YOUR GOAL: With the pictures left out, print exactly the lines below that run from the one containing "Возьмем, к примеру, Эзджана" through the one containing "Follow the streets, highways, and".

#### SOURCE DATA ####

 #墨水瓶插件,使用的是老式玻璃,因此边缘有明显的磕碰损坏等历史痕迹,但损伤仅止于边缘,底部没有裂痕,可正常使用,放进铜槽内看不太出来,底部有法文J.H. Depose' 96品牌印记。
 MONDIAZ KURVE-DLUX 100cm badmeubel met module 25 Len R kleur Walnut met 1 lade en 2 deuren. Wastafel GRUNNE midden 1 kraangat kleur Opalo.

####
#### SOURCE DATA ####

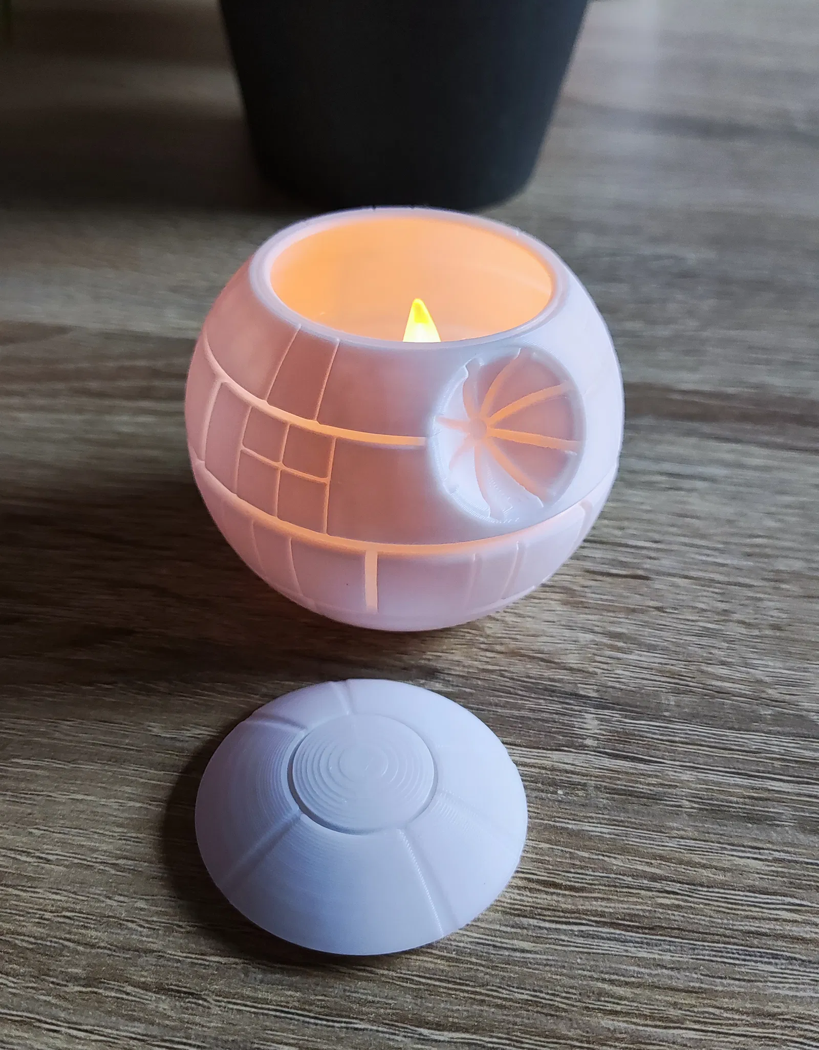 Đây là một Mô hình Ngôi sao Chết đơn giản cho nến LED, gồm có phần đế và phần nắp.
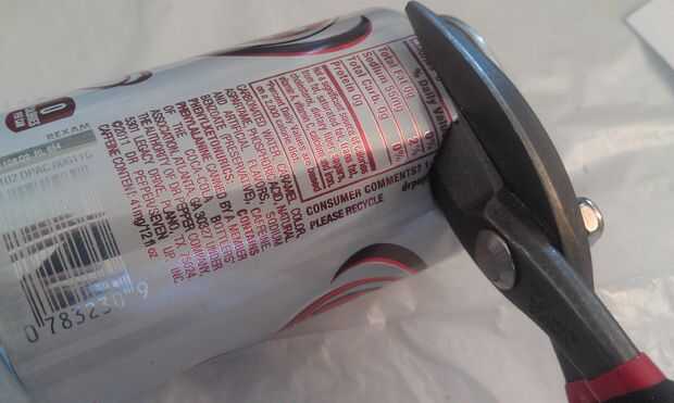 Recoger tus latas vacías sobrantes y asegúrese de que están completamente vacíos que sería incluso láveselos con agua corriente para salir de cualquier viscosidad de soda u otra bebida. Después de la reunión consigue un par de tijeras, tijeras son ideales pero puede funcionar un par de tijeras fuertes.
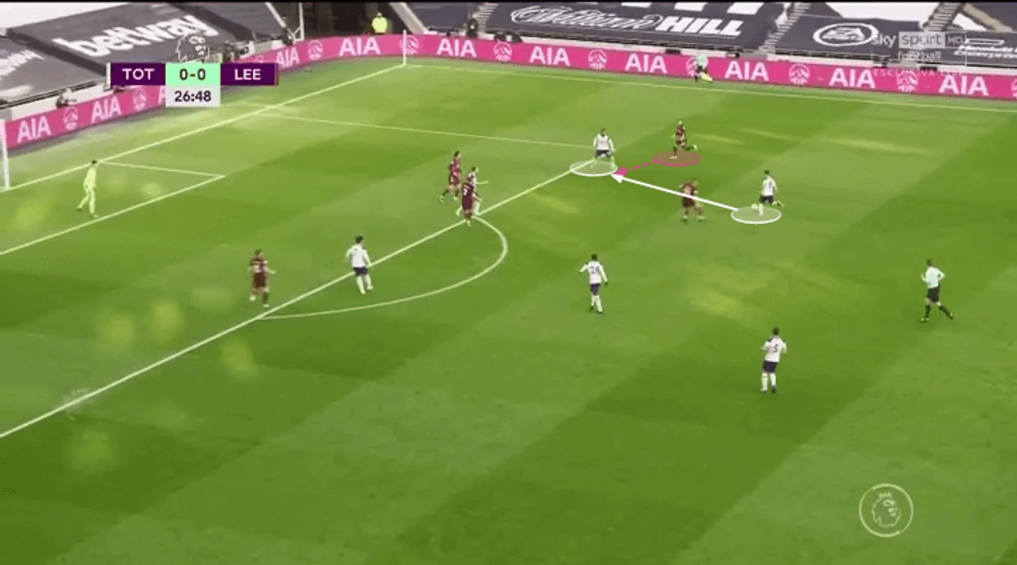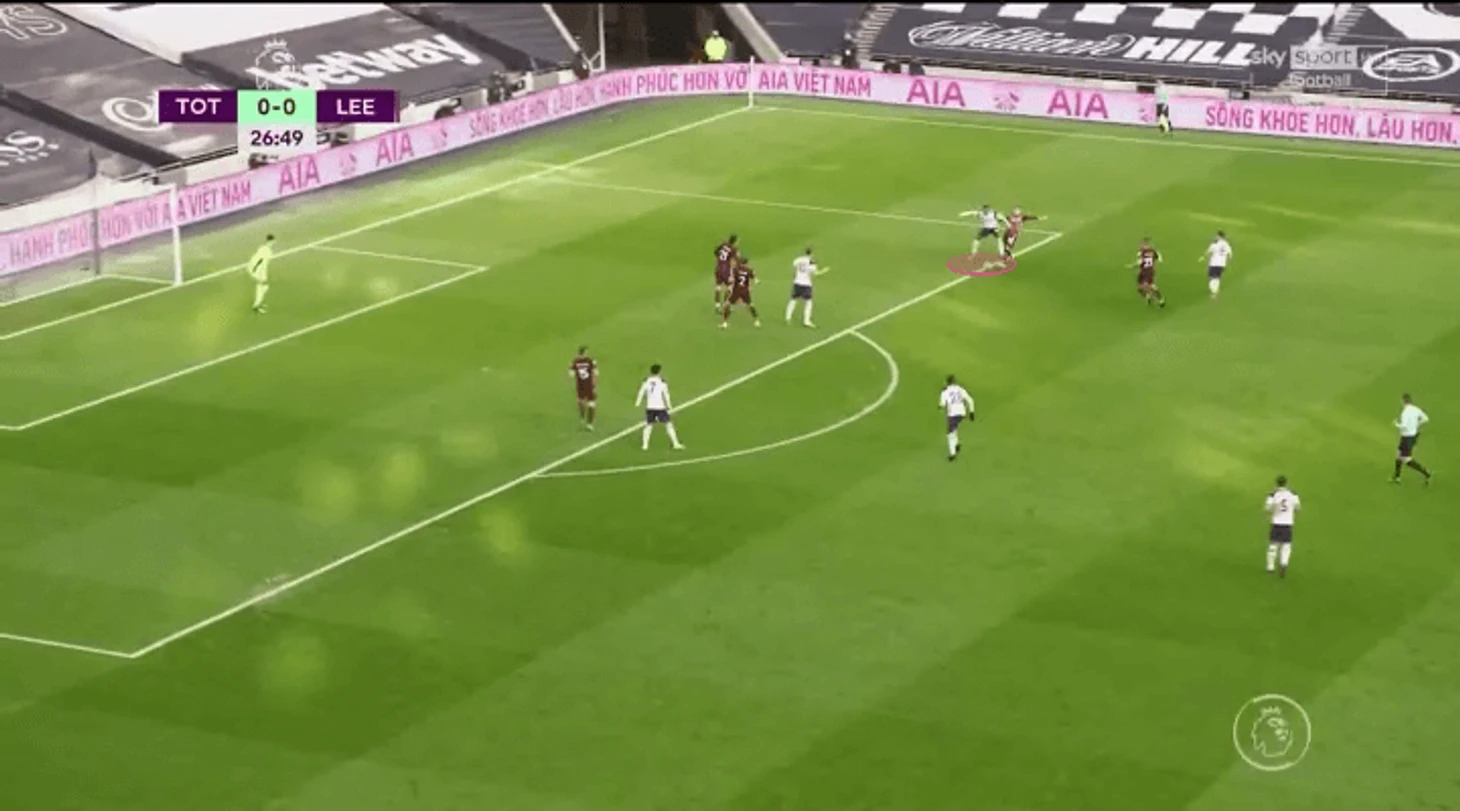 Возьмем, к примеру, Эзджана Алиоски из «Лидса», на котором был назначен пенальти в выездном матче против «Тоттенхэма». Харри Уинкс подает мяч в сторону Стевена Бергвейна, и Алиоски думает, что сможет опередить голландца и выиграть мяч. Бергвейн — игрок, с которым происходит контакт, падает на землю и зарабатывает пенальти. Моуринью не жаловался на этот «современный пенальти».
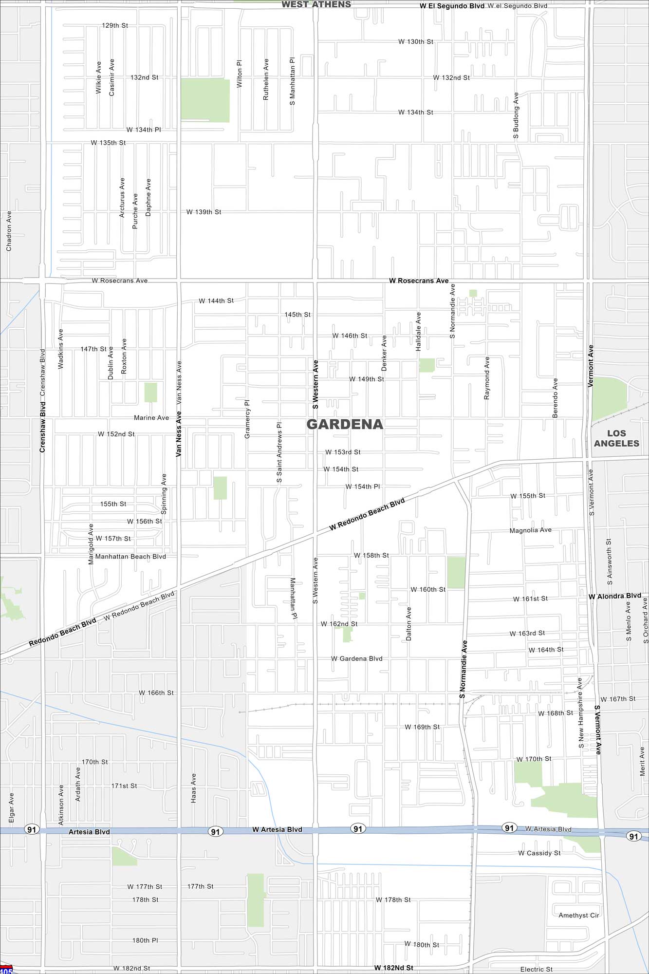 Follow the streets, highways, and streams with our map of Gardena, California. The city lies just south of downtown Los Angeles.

####
#### SOURCE DATA ####

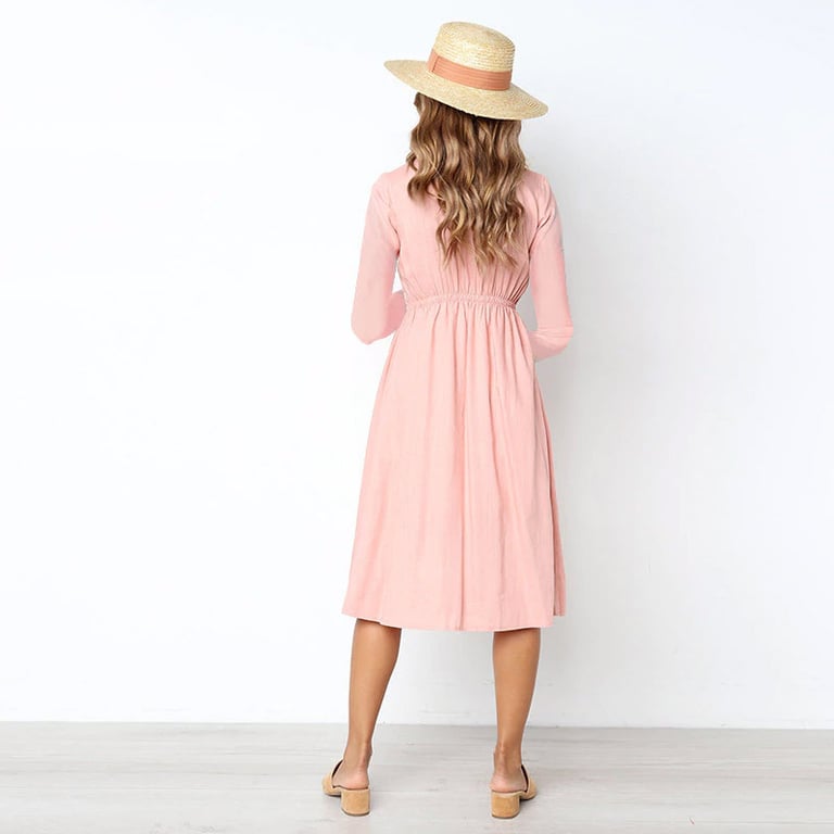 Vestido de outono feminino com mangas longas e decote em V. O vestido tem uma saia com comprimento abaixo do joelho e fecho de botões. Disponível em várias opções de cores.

####

RESULT FOR THIS TASK:
 Возьмем, к примеру, Эзджана Алиоски из «Лидса», на котором был назначен пенальти в выездном матче против «Тоттенхэма». Харри Уинкс подает мяч в сторону Стевена Бергвейна, и Алиоски думает, что сможет опередить голландца и выиграть мяч. Бергвейн — игрок, с которым происходит контакт, падает на землю и зарабатывает пенальти. Моуринью не жаловался на этот «современный пенальти».
 Follow the streets, highways, and streams with our map of Gardena, California. The city lies just south of downtown Los Angeles.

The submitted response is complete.